The procedure must deal with all the pathologies contributing to symptoms, including the biceps tendon, AC joint and subacromial space, he adds. “Otherwise, with just a capsular release, I find they don’t progress that well.”
Ultrasound is commonly used in general practice and Dr Pant considers this reasonable, but “it might be only correct 40–50% of the time.”
“It’s a mistake today for us just to rely on reports rather than history and examination,” he cautions.
For example, a small degenerative supraspinatus tear in an older patient with good range of motion may not be clinically relevant. “Not all rotator cuff tears are bad, and not all rotator cuff tears need surgery,” he says.
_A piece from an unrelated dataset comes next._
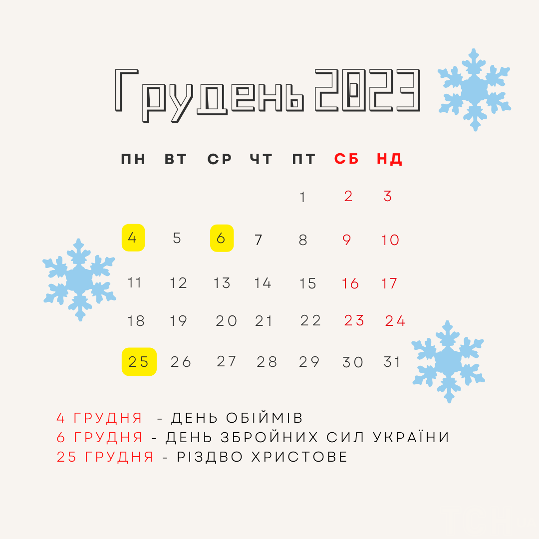 В грудні традиційно 31 день, а саме 2023 року 21 робочий день та 10 – офіційних вихідних (субота й неділя).

“In fact, sometimes doing a rotator cuff repair could be a detriment to that patient, because it may not be their symptom generator. They may have bicep tendonitis, or AC joint pain, or capsulitis, or shoulder arthritis, or cervical spine pain, or some other diagnosis.”
Regardless of the patient’s chronological age, it’s crucial to consider their lifestyle—which dictates the level of shoulder function they need, Dr Pant stresses.
“Some patients, even in their 70s or 80s, are very active. They’re playing a lot of sport. They’re cycling. They’re golfing. They have certain demands on their body.”
Patients may be miserable if they can’t get back to activities that “give them a great deal of joy”, he says, and this guides treatment decisions.